Tonight Matt and I had tea and rum cake with Dr. Evil….
Speaking of Dr. Evil, though, I’m back on P90X now that Matt is back to work. I started today with Kenpo, and know what? I kind of liked it. Well, “like” is relative but it was way better than the arms and chest one. For those of you who have interest in P90X, as some of you have asked me about it, here are a few tips:
1) I think I’ve said this before, but SILENCE the sound. I don’t know his name, but the Billy Blank of P90X is freaking annoying as hell. No. Really. His voice is like nails on a chalkboard. I want to throw things at the t.v. EVERY time he speaks.
2) It’s hard as balls. I mean really hard. This isn’t for the faint of heart.
3) For good measure you might just want to use your ipod while you do it just in case you accidentally hear a little bit of his voice.
4) Do this in private. If you’re like me, you’re going to look like a great big idiot while you do this. A great big pansy idiot!
5) Don’t look when the big huge words “BRING IT” pop up on the screen. If you’re like me then this will make you think, “Oh, it’s already been broughten.” And then you’ll be annoyed that an exercise video has you doing “Bring it On,” quotes in your head.

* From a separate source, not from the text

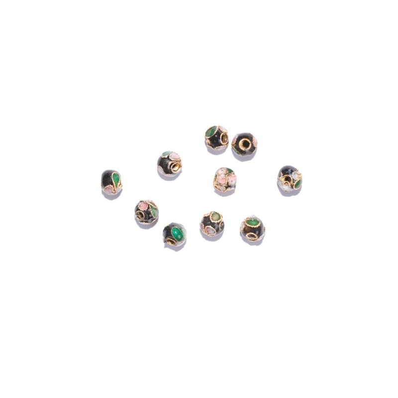 Runde cloisonne perler - sort. Str. ca. 10 mm. Hulstr. ca. 1,2 mm. Prisen er for 4 stk.

This will remind you that you’ve seen all stupid sequels of this movie and you’ll again want to throw something at the t.v.
Ok, that’s it. Well, actually, no. I’m annoyed that during the break he makes you do jumping jacks and jack hammers and stuff. I thought a break was a break and that you take that time to eat a snack or sit down or something easy like that. Right? Isn’t that what a break is? It’s like the people mover at the airport. You get on it cause you think you’re going to be able to rest, stop, and let the people mover move you cause that’s what people movers do. They move people. But, no. People use it to go faster and walk on it which therefore forces you to walk, too. It’s a PEOPLE MOVER, people!!
PS- Just for shits and giggles I’m going to start all my evening posts with me and Matt having tea and rum cake. You know, until we finish drinking all the tea. Just a little experiment I’m doing.
PPS- I know I sometimes over-exaggerate some things on here for comedic effect, but I’m not actually kidding about the tea and rum cake. That’s real stuff. Real, unrated Matt and Suzanne life. Exciting, no?